Sorry about that - the extensions support was removed amongst a lot of other changes to (start to) streamline the codebase and remove historical or legacy code, particularly at the lower levels where it affects all operations. It's part of the ongoing work for LAVA V2, including the upcoming move to require django 1.8. The current migration is complex and code sometimes needs to be removed or adapted. Extensions cannot be tested as part of the development of LAVA, so it is preferable for changes to be made inside the LAVA codebase and extensions have therefore been removed. There wasn't a deprecation cycle for this step, so our apologies for that.
The migration to LAVA V2 increases the number and types of methods available to export data from LAVA - XML-RPC, REST api and ZMQ. The intention is that customisation will take place in custom frontends which abstract the generic LAVA data to make it relevant for particular teams. If there are extra calls which need to be exported, these need to be contributed to the LAVA codebase so that these can be tested and maintained.
We've had significant problems when lava has been mixed with pip installs or third-party eggs - introducing instability, failures and errors. The use of any non-packaged code with lava, other than through the existing API, is not supported.
Please talk to us about what the commands and methods were trying to achieve - we are open to having more calls available as long as the code being used can be properly tested within the codebase.
Thank you for the detailed response. The extension code was complex and I understand why it was removed.

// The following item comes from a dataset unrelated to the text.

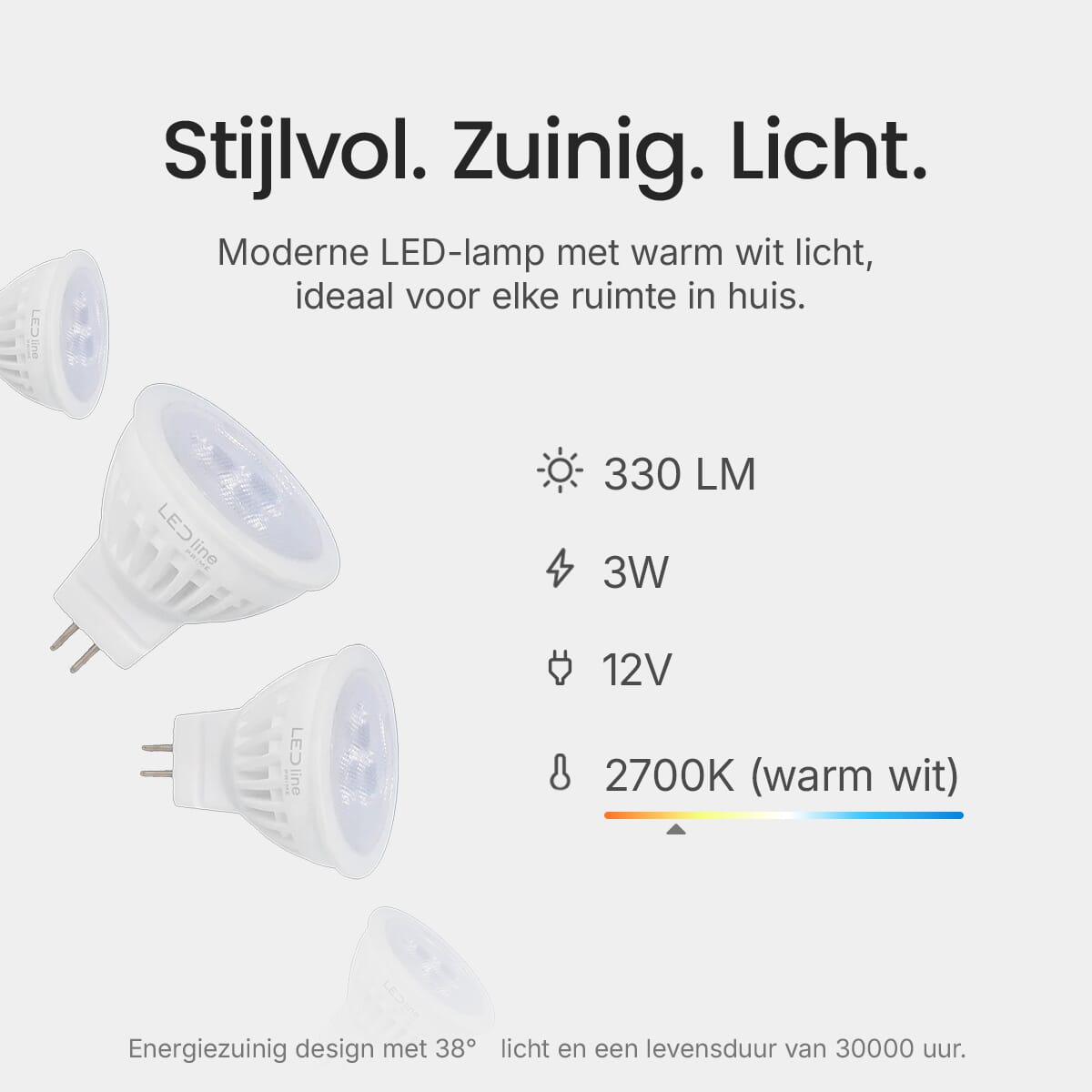 De LED line PRIME LED Spot is ontworpen met energie-efficiëntie in gedachten. Met een verbruik van slechts 3W bespaart deze spot aanzienlijk op energiekosten in vergelijking met traditionele halogeenlampen van 30W.

Ideally the LAVA API would accommodate my requirements so it may help to understand why I wrote the extension and what it currently does:
- A command to create a pipeline worker and a set of qemu devices.
Extending settings.conf to be able to add an app to INSTALLED_APPS would be the simplest way to enable this.
Sorry, that doesn't scale. Pipeline workers typically have no connection to the django settings - the only connection with the master is over ZMQ. There is support for adding a pipeline worker but creating devices is an admin task that can be very specific to that instance. The worker may also need encryption configured which is per-instance.
A one off command during initial setup of an instance has been considered but that would not run once the instance had been configured.
But why did I create the command? I am running a Mesos[1] cluster with 50+ x86 servers and am experimenting with using the cluster to run qemu/lxc tests.
So let LAVA have a server outside the cluster and a couple of pipeline workers then the workers can communicate with the cluster to run the tests. No need for temporary workers. Note: temporary devices are also a bad idea for the database - that is why we created primary and secondary connections in V2.
The idea is that the LAVA server will be connected to both hardware in a lab and to the mesos cluster and users can run tests for qemu devices on demand using available mesos cluster resources.
I don't see why this wouldn't work in a standard LAVA arrangement of an external box running lava-server and a few workers running lava-slave. What's needed is a way for a permanent worker to communicate with the cluster to run commands. That could be as simple as using the existing support for primary SSH connections. With the added benefit that because your cluster resource is temporary, you don't have the usual concerns about persistence associated with primary connections.
https://staging.validation.linaro.org/static/docs/v2/dispatcher-design.html#...
My proof of concept is working, i.e. a custom mesos scheduler polls the LAVA server for submitted qemu jobs and starts lava workers dynamically to run the jobs.
Please do not poll. There will be ways to get information from LAVA using push notifications but polling adds load for no good reason. Having two schedulers is adding unnecessary complexity.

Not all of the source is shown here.